Confirmatory latent network model of principals’ perceptions of ChatGPT. Note: P_CIMNEG = principals’ views on the negative impact of ChatGPT on students’ learning; P_CIMPOS = principals’ views on the positive impact of ChatGPT on students’ learning; P_CONEG = principals’ views on the negative consequences of ChatGPT on teachers’ work; P_COPOS = principals’ views on the positive consequences of ChatGPT on teachers’ work; P_CWORK = principals’ views on increased workload as a consequence of ChatGPT.
Additionally, the correlations between the latent variables provide insights into their interrelationships. Notably, P_CIMPOS (positive impacts on students) correlates moderately with P_CONEG (negative consequences for teachers) at 0.56, suggesting that principals who perceive positive impacts for students may also acknowledge challenges for teachers. Similarly, P_CIMPOS and P_CWORK (increased workload) exhibit a moderate correlation of 0.38, suggesting a connection between perceived benefits for students and concerns about workload. The model highlights overlap in principals’ perceptions across domains, indicating that the effects of ChatGPT on one aspect of education may also influence perceptions in other areas. The strong associations and moderate correlations provide a robust basis for further exploration of these interconnected perceptions. These findings emphasize the importance of addressing both the benefits and challenges of integrating AI tools, such as ChatGPT, in educational settings.
This network visualization highlights the relationships between principals’ perceptions of ChatGPT's impact across five key domains: negative and positive impacts on students, negative and positive consequences for teachers, and increased workload (Figure 4). The thicker edge between “Increased workload” and “Negative consequences for teachers” indicates a strong perceived link, suggesting that additional workload is closely associated with adverse effects on teachers. Meanwhile, the relationships between “Negative impact on students” and other constructs are weaker, showing a relatively independent perception of its effects. The visualization emphasizes that workload serves as a central factor connecting perceptions of ChatGPT's impacts on students and teachers, underlining its pivotal role in shaping overall attitudes toward its integration in education.

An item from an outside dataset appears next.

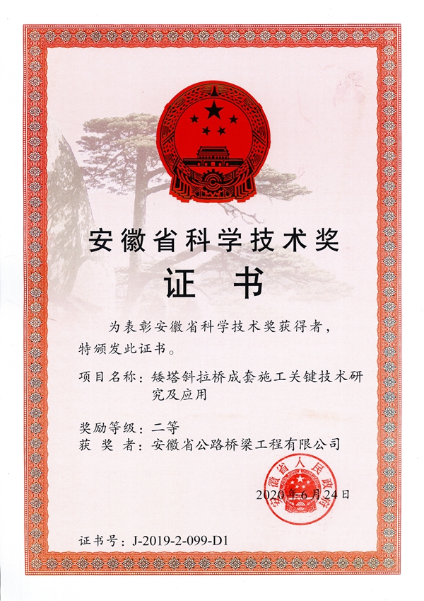 近期,公司主持申報(bào)的《矮塔斜拉橋成套施工關(guān)鍵技術(shù)研究及應(yīng)用》課題,通過層層篩選,榮獲“2019年度安徽省科學(xué)技術(shù)獎(jiǎng)二等獎(jiǎng)”。

The diagram of network connections between key constructs on ChatGPT's impact. Note: P_CIMNEG = principals’ views on the negative impact of ChatGPT on students’ learning; P_CIMPOS = principals’ views on the positive impact of ChatGPT on students’ learning; P_CONEG = principals’ views on the negative consequences of ChatGPT on teachers’ work; P_COPOS = principals’ views on the positive consequences of ChatGPT on teachers’ work; P_CWORK = principals’ views on increased workload as a consequence of ChatGPT.
The central position of increased workload in the network suggests that concerns about additional demands on teachers may serve as a key lens through which school leaders interpret the broader impacts of AI integration. An increased workload is connected to both negative consequences for teachers and positive perceptions of AI benefits, indicating that even when principals recognize potential advantages, they simultaneously anticipate additional burdens on teaching staff. This highlights that practical implementation concerns may strongly shape leadership attitudes toward AI.

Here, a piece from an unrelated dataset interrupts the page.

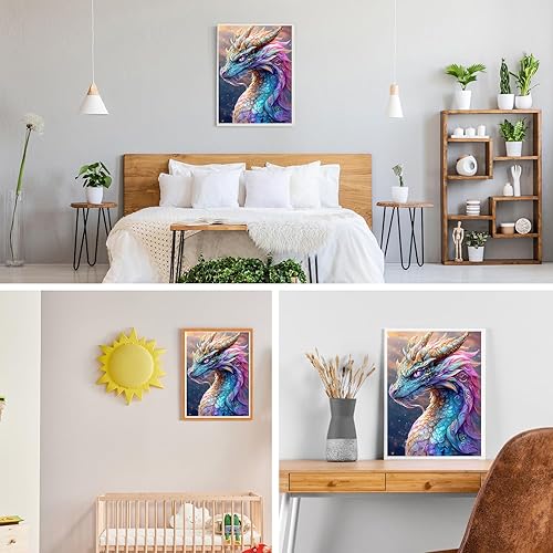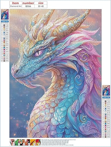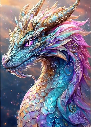 GDYEEH 5D Dragon Coloré Peinture Diamant Painting Kit, DIY Dragon Art du Diamant Complet Kits, Fantaisie Diamond Art Kits Strass Point de Croix Painting pour Adultes Débutants Maison Décor 30x40 cm

Our cross-country heterogeneity analysis helps contextualize the substantive findings. The I2 heatmap (Figure 5) indicates that most edges are remarkably stable across systems: 88.4% fall below the low-heterogeneity threshold (I2 < 25%), suggesting that core relationships (e.g. IA3G08A–IA3G08C, IA3G08C–IA3G08E) are broadly generalizable. In other words, most associations show little or no variation between countries and can inform guidance for school leaders and teachers across diverse contexts. By contrast, a small subset of edges (4.3%) exhibits substantial heterogeneity (I2 ≥ 50%). For example, the link between IA3G09L and IA3G09M varies meaningfully across countries, indicating that the perceived connection between potential societal benefits and risks of generative AI depends strongly on national context. This underscores the influence of cultural or institutional factors on how these constructs relate. Practically, our findings suggest that systems can confidently act on stable edges (e.g. reinforcing consistently linked practices), while heterogeneous edges should be treated as targets for local analysis and policy adaptation. We highlight these areas as priorities for moderator analyses (e.g. region, average school SES, accountability regimes) and emphasize that such variation is a natural feature of cross-national research, highlighting where tailored, context-sensitive interventions are more appropriate than one-size-fits-all recommendations.

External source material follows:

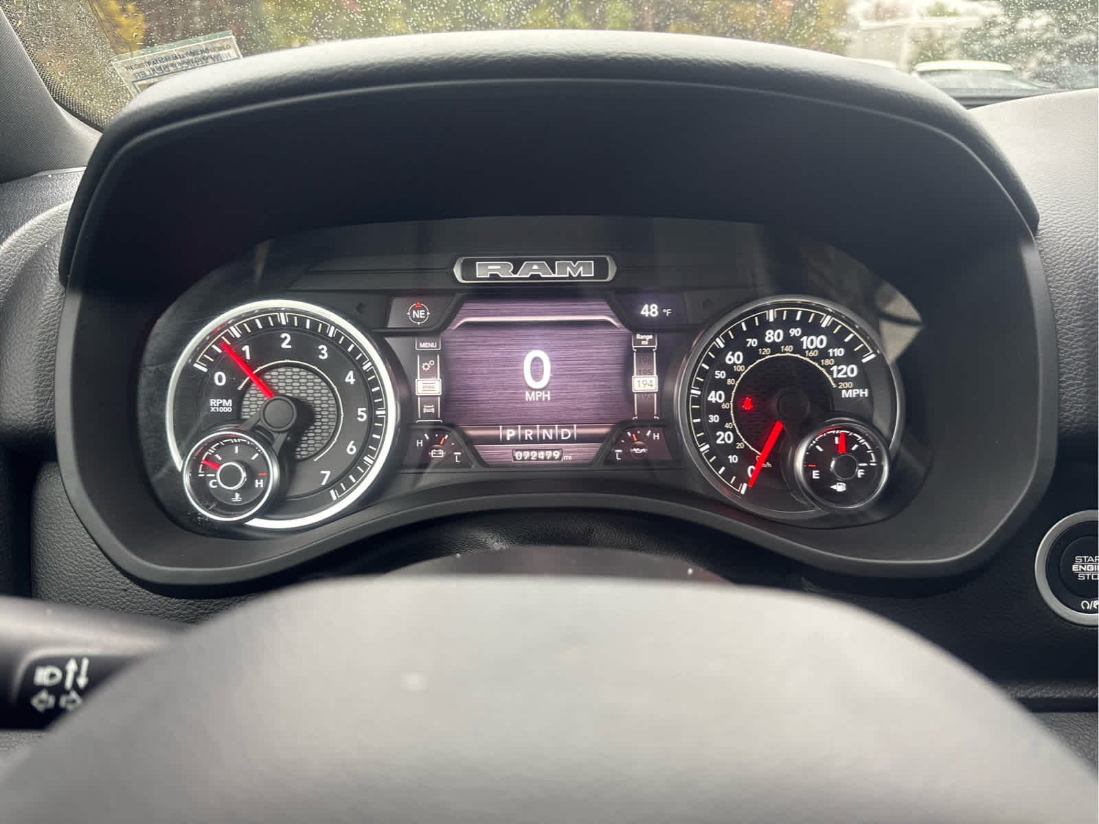 ENGINE: 5.7L V8 HEMI MDS VVT ETORQUE Active Noise Control System, Heavy Duty Engine Cooling, Passive Tuned Mass Damper, GPEC 5 Engine Controller, GVWR: 7,100 lbs, Dual Rear Exhaust w/Bright Tips, HEMI Badge, 23 Gallon Fuel Tank, 18 Aluminum Spare Wheel, BIG HORN LEVEL 2 EQUIPMENT GROUP Google Android Auto®, SiriusXM Radio Service, Bluetooth® Handsfree Phone & Audio, USB Host Flip, Rear Window Defroster, For Details, Visit DriveUconnect.com, Integrated Center Stack Radio, ParkSense Front/Rear Park Assist w/Stop, Rear View Auto Dim Mirror, Power Adjustable Pedals, Rear Power Sliding Window, Rear Dome w/On/Off Switch Lamp, Connectivity - US/Canada, Glove Box Lamp, 4G LTE Wi-Fi Hot Spot, 115V Auxiliary Rear Power Outlet, Media Hub w/2 Charge Only USBs, Exterior Mirrors w/Heating Element, Power 8-Way Driver Seat, Auto Dim Exterior Driver Mirror, Heated Front Seats, Radio: Uconnect 5 W w/8.4 Display, Heated Steering Wheel, 8.4 Touchscreen Display, Class IV Receiver Hitch, Security Alarm, Black Premium Power Mirrors, Apple CarPlay®, Big Horn IP, WHEELS: 20 X 9 ALUMINUM CHROME CLAD (WRK), PREMIUM LIGHTING GROUP Front LED Fog Lamps, LED Reflector Headlamps, LED Taillamps, WHEEL TO WHEEL SIDE STEPS, BLACK, DELUXE CLOTH BUCKET SEATS Power 8-Way Driver Seat, Bucket Seats, Manual Adjust 4-Way Front Passenger Seat, Full Length Floor Console, Rear Center Armrest, Delete LED Lamp - Floor Console Bin, Power 2-Way Driver Lumbar Adjust, TRANSMISSION: 8-SPEED AUTOMATIC (8HP75). Ram Big Horn with Bright White Clearcoat exterior and Black interior features a 8 Cylinder Engine with 305 HP at 6400 RPM*.

Cross-national variability in item–item relations (I2 heatmap), white = no connection observed.
Discussion
Despite the increasing body of research on AI in education, studies focusing on its role in educational leadership remain scarce. Leveraging a large-scale international survey—the first to capture school principals’ perceptions of AI—our study examines the following research questions: (R1) Do school leaders’ perceptions of AI form a coherent, empirically inseparable construct?; (R2) How are school leaders’ expectations regarding AI's impact on students and teachers interrelated?; and (R3) How do school leaders balance perceived benefits for students with potential challenges for teachers (and vice versa) in the context of AI integration?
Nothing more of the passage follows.